Gene expression profiling of the Arabidopsis glucosinolate deficient mutants, ref5-1 and ref2-1 and med5 mutants

Purpose: To identify changes in gene expression in ref5-1 and ref2-1 compared with wild type and ref5-1 med5 and ref2-1 med5 compared to ref5-1 or ref2-1 respectively Methods: Gene expression profiles were generated from 18-day-old, pooled Arabidopsis rosettes in biological quadruplicate, by paired-end sequencing of 100 bp fragments using Illumina HiSeq 2500. The sequence reads that passed quality filters were aligned to the TAIR10 reference genome using TopHat. Gene counts were determined using HTseq-count. Differential expression analysis was performed using edgeR. Results: We identified 71 genes that were differentially expressed in both ref5-1 and ref2-1 compared to wild type but their altered expression is restored. Overall design: Gene expression profiles of wild type and mutants were generated in biological triplicate from 18-day-old Arabidopsis rosettes by deep sequencing using Illumina HiSeq 2500.

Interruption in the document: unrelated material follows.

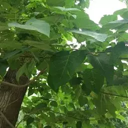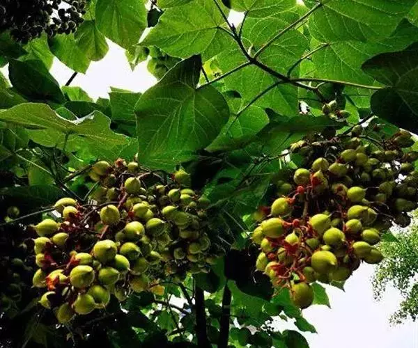乔木高达20米,树冠宽大伞形,树皮褐灰色;小枝有明显皮孔,幼时常具粘质短腺毛。叶片心脏形,长达40厘米,顶端锐尖头,全缘或波状浅裂,上面毛稀疏,下面毛密或较疏,老叶下面的灰褐色树枝状毛常具柄和3-12条细长丝状分枝,新枝上的叶较大,其毛常不分枝,有时具粘质腺毛;叶柄常有粘质短腺毛。

研究目的：旨在鉴定ref5-1与ref2-1相较于野生型的基因表达变化，以及ref5-1 med5、ref2-1 med5分别相较于ref5-1、ref2-1的基因表达变化。 实验方法：以生长18天的拟南芥莲座叶为材料，进行四次生物学重复混合取样，采用Illumina HiSeq 2500平台对100 bp片段开展双端测序，以生成基因表达谱。将通过质量过滤的序列读段比对至TAIR10参考基因组，比对工具为TopHat。使用HTseq-count进行基因计数，借助edgeR完成差异表达分析。 实验结果：本研究鉴定出71个基因，在ref5-1与ref2-1相较于野生型时均呈现差异表达，且其表达改变可被恢复。 整体实验设计：以生长18天的拟南芥莲座叶为材料，进行三次生物学重复，采用Illumina HiSeq 2500平台开展深度测序，以生成野生型及突变体的基因表达谱。